[Buddha-l] Re: Filtered Buddhism
jkirk
jkirk at spro.net
Thu Jun 28 13:19:48 MDT 2007
Richard Hayes wrote:
> According to some abhidharma traditions, one of the last obstacles
> that a person overcomes on the road to liberation is maana, usually
> translated as pride. (Maana can have a very positive sense; it could,
> for example, be a translation of Emerson's famous self-reliance.) In
> abhidharma literature, maana is described as the tendency to think in
> one of three ways: 1) thinking of oneself as better than others; 2)

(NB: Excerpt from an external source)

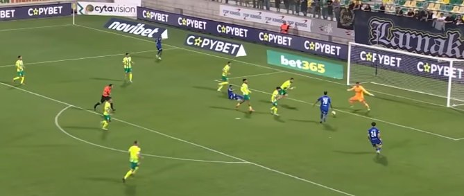Οι Λαρνακείς είχαν τον έλεγχο του αγώνα από το πρώτο μέχρι το τελευταίο λεπτό, δημιουργώντας πολλές ευκαιρίες μπροστά στην αντίπαλη εστία. Ωστόσο, βρήκαν απέναντί τους έναν εξαιρετικό Κόστιτς, που με καθοριστικές αποκρούσεις κράτησε το μηδέν, ενώ και το δοκάρι στο 20ό λεπτό —μετά από κεφαλιά του Ανγκιέλσκι— στάθηκε εμπόδιο στο προβάδισμα.

> thinking of oneself as inferior to others; and 3) thinking of oneself
> as equal to others.
Okay, Richard, I'm going to be an ass here:
If someone has overcome maana, and therefore is no longer comparing
herself to others (including, one presumes, her former self), then how
the heck does she know that overcoming maana has brought her further
along on the road to liberation than she was before?
Cheers,
TH
==================
This discussion is getting a bit to legalistic.
Maana as an obstacle refers basically to thinking about oneself-- too much,
too often-- being over-aware or obsessively aware of oneself, however one
conceives of one's self. Thus, the practice with respect to maana would be
to be mindful of this tendency or issue, and thus to work on dropping it.
Obsessively pondering on how far down the road one has gotten, whether or
not
one has eliminated this obstacle or that obstacle, just stimulates more
obsessive pondering, and gets in the way of the way.